Thomas: Using a global system like this for product costing not only reduces product development costs, but it also greatly reduces the possibility of costs associated with recalls and non-compliance issues. When you’re sourcing the same raw materials on a global level and have downstream systems synced, you’re not only optimizing your procurement costs, but you’re making it easy to course-correct if something goes wrong or ingredients need to be changed or substituted around new regulations. If you’re using a supplier that meets the regulatory and claim requirements for multiple markets, you can manage multiple formulations and product lines as one entity instead of trying to manage oversight over many disconnected areas of the business.
Plus, there’s the overall risk of product recalls. The costs of non-compliance can be huge if you don’t have all your downstream systems aligned around global goods procurement and formulation. By using a PLM system, brands can leverage traceability down to the raw material level. It takes less time--and less money--to pinpoint issues, find where materials live across formulations, and make the necessary changes to respond to a recall issue.
Ready to automate you product development process, from idea to label? Download our PLM assessment checklist to find out.
Brands don’t often absorb those kind of costs until it’s too late or they’re in the thick of resolving a quality issue. Trace One Devex PLM can act as a safeguard against those costs by providing one global view into product data.
What ROI can companies that adopt a global recipe strategy expect to see with PLM?
Thomas: Well first, let’s be honest: PLM is not an inexpensive technology. There is a cost of entry to use a system like this, and it’s a multi-functional system that must be viewed as an enterprise-level IT investment.

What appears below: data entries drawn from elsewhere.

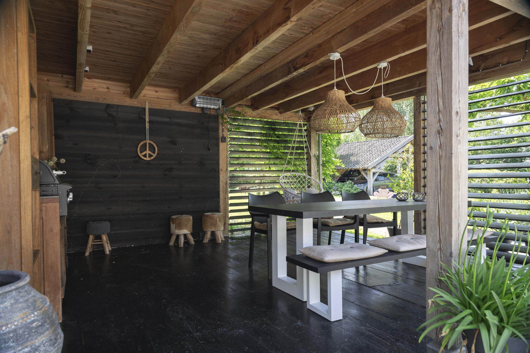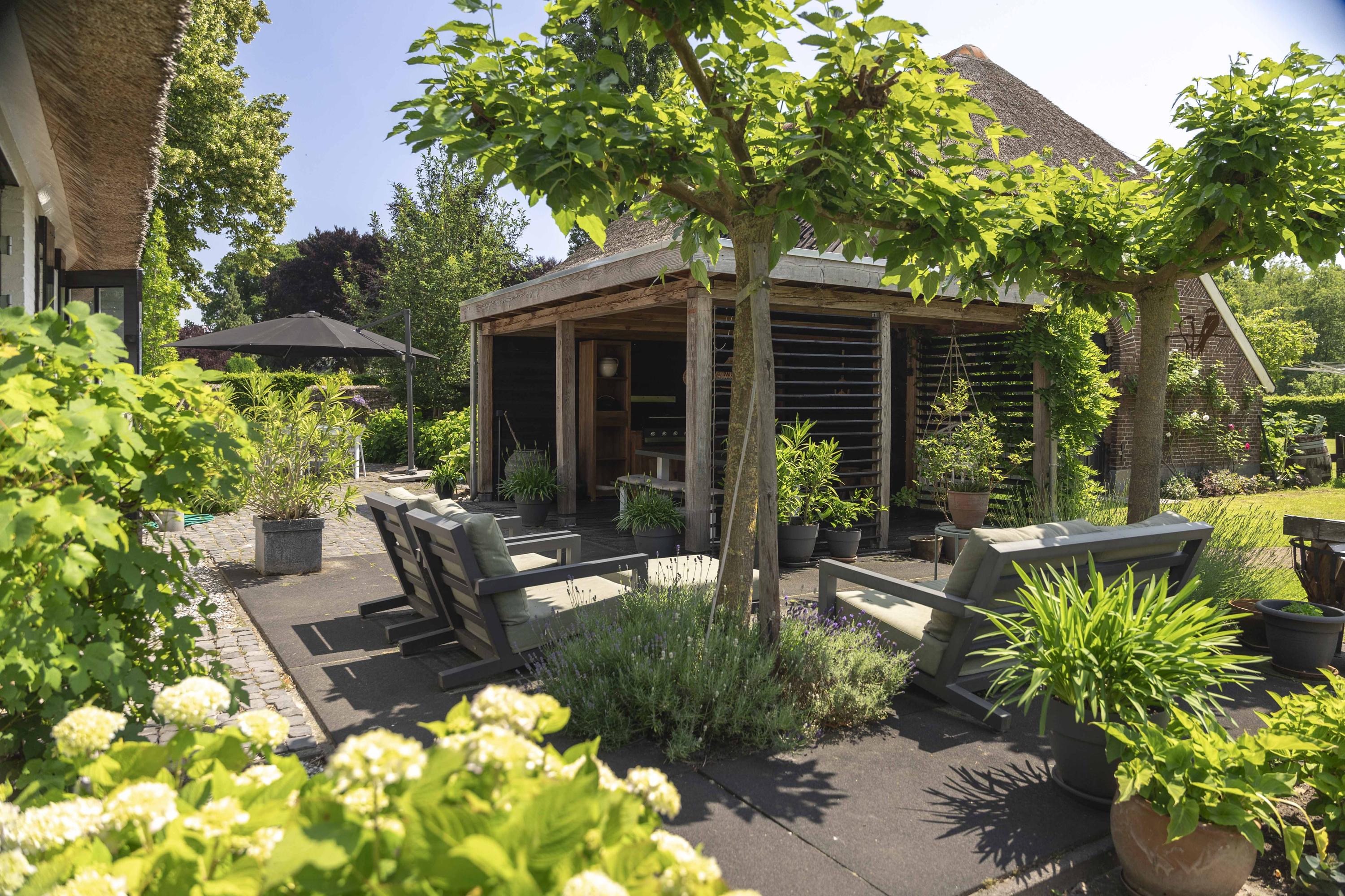 De bezonning is ideaal; de achtertuin ligt perfect op het zuiden gericht. Achter het huis, toegankelijk vanuit de woonkamer, keuken en bijkeuken, het heerlijke zonneterras. Onder de overkapping is een loungehoek ingericht met een leemkachel.
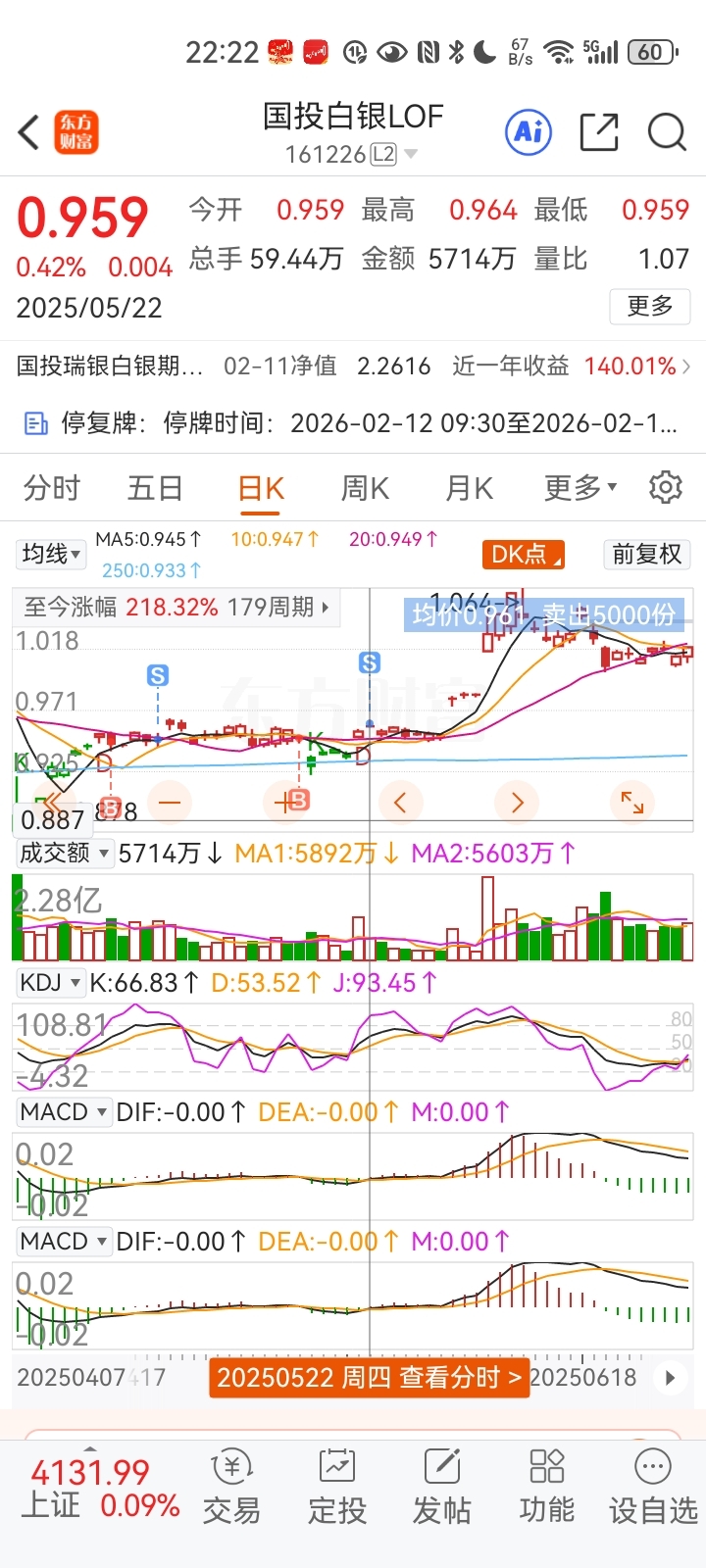 $国投白银LOF(SZ161226)$ 5月22日价格0.959记得当时溢价也就正负一个点
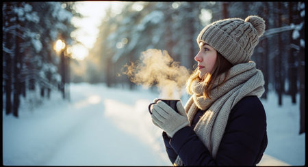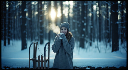 A woman in a cozy sweater and hat holding a steaming cup in a snowy forest, with a sled nearby and sunlight filtering through the trees

Once companies start working on product pricing and SKUs as one collaborative workstream; however, they will start to see major savings when it comes to purchasing and procuring materials and significant process changes when harmonizing raw materials. Many companies see paybacks sometimes in six months. Sometimes it’s closer to a year, depending on the company’s budget and business process needs. Although it’s an enterprise tool, budgeting for a PLM implementation can be a lot easier than many brands think.
Overall, what we see is that brands may initially bring Trace One Devex PLM on to facilitate one area of the business or sub-process, like ingredient management, and see significant time and cost savings in that area. Once those savings are realized, other departments start asking to use the system. The benefits and level of data visibility across the enterprise then begin to snowball, making it even easier to start using PLM to power a global pricing strategy.